Hassan and Crowther (1998a) developed a single box model for calculating first estimates of pollutant concentrations within urban canyons. The model parameters were derived using field CO measurements taken in Hope Street, Glasgow (U.K.)- Furthermore, Hassan and Crowther (1998b) used PHOENICS to simulate wind flow and pollutant dispersion within the same canyon.
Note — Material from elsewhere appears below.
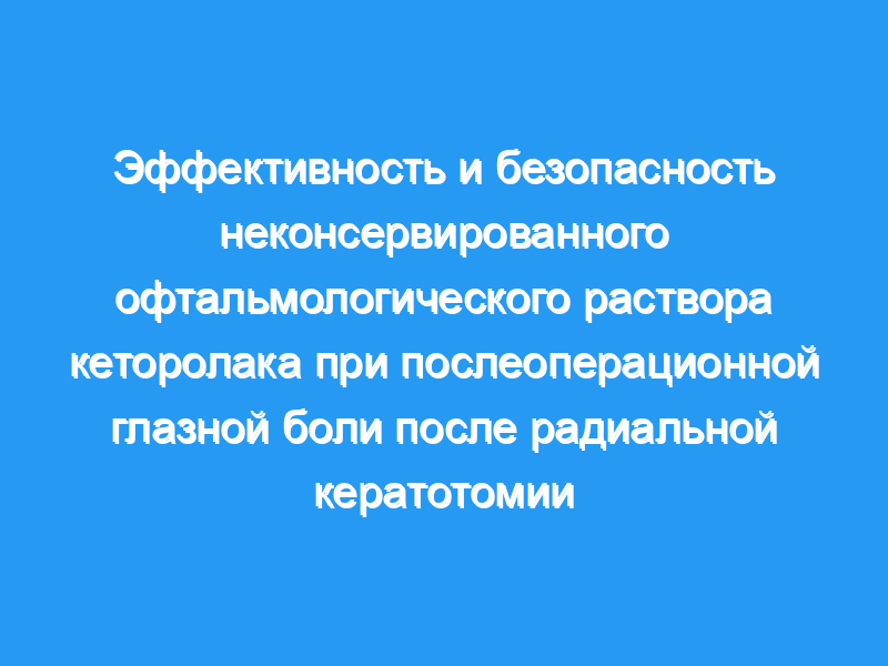Неконсервированный 0,5% офтальмологический раствор кеторолака трометамина был значительно более эффективным и столь же безопасным, как и средство, в облегчении послеоперационной боли, связанной с РК. Это привело к значительному улучшению качества жизни пациентов и уменьшению потребности в пероральных анальгетиках, что позволяет предположить, что местный кеторолак является подходящим вариантом лечения глазной боли после РК.

The accuracy of the two-dimensional steady state numerical simulations was examined by comparing the predicted results with the field measurements.
Micailef and Colls (1999) developed a semi-empirical emission-dispersion model for predicting the temporal and spatial distribution of airborne particulate matter in street canyons. This model called SLAQ includes emission modules, meteorological pre-processors, modules for within-canyon processes, dispersion modules, and modules accounting for external influences. The dispersion module is mainly based on CPBM. Model features include a correction for the heat island effect, dry and wet deposition, particle settling, etc. SLAQ was evaluated against measurements obtained in a street in Loughborough (U.K.) using the automated near real time Kinetic Sequential Sampling (KSS) system (Colls and Micailef. 1999).
Coppalle et al. (1999, 2001) measured NOX and CO concentrations at different background and kerbside locations, including a street canyon (Rue Crevier), in a medium size French city (Rouen) during four weeks in winter. Using the obtained experimental data for parameterisation, Coppalle (1999) developed a simple mathematical model that calculates the vertical pollutant distribution inside a street canyon under low wind conditions. Vardoulakis et al. (2000, 2002a) carried out field experiments in two even (Bd. Voltaire and Rue de Rennes) and one asymmetric (Av. Leclerc) street canyons in Paris, France. Three semi-empirical dispersion models (STREEET-SRI, OSPM and AEOLIUS) were tested using the observed CO and benzene values (Fig. 4). Furthermore, an empirical relationship for calculating vertical concentration profiles within the streets was derived.
In the framework of AUTO-OIL II programme (Skouloudis, 2000), a large number of air quality modelling simulations were carried out in order to assess the compliance with the new EU air quality standards for NO2, O3, CO, benzene, and PM|0. An advanced methodology was established, incorporating models of different spatial scales, to provide air quality simulations down to street level. Two urban canyon models, namely OSPM and MICRO-CALGRID, were evaluated using measurements from Viale Murrilo (Milan) and Schildhorn Strasse (Berlin).